Books to Film: Too Big to Fail

When Hollywood decided to adapt The Bonfire of the Vanities, Oscar-winner William Hurt’s name was on the short list to play Sherman McCoy, the Wall Street “Master of the Universe” who finds himself having a very bad year. That role went to Tom Hanks, but twenty-plus years later, William Hurt headlines HBO’s very good adaptation of Andrew Ross Sorkin’s 2009 non-fiction look at the financial meltdown, Too Big To Fail. Hurt plays Treasury Secretary Hank Paulson, a former Wall Street master who finds himself having a very bad few months in 2008. The stakes here, are much higher -- instead of a murder charge, Paulson faces the complete meltdown of the financial system world-wide.
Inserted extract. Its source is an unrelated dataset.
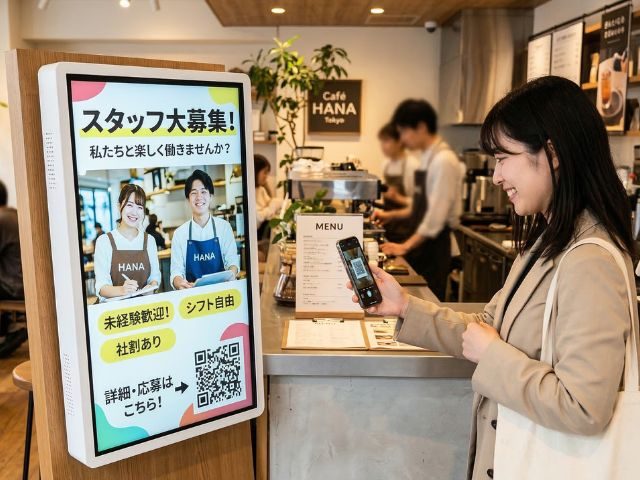 内容をスキップ 【店舗に必須な中型サイネージ⑤】広告費を削減!店舗直結型リクルートサイネージ

While Paulson is the haunted center and Hurt the top-billed actor in this adaptation of the international bestseller, he is not without support. Director Curtis Hanson, of the classic L.A. Confidential, Wonder Boys and the less-than-classic The River Wild, stuffs the film with... well, every character actor in the history of ever. While that's an exaggeration, calling the ensemble cast of Too Big To Fail a Murderer's Row of talent is not. This review could very easily sell you on the picture by listing off who's in it -- when you have Dan Hedeya (as powerful Congressman Barney Frank) and John Heard (as Lehmann Brothers CFO Joe Gregory) show up for a single scene a piece, you know Hanson and his casting directors mean business.

The cast is by far the strongest part of Hanson's movie. The director, working from a script by Peter Gould (Breaking Bad), uses the all-star cast as a kind of shorthand. While animated subtitles inform the audience to folks’ names and jobs, Hanson understands the baggage certain actors bring to their parts as well. So yes, it makes perfect sense that James Woods is the arrogant, self-destructive Dick Fuld, CEO of Lehmann Brothers, whose reluctance to sell his company kicks the whole thing off.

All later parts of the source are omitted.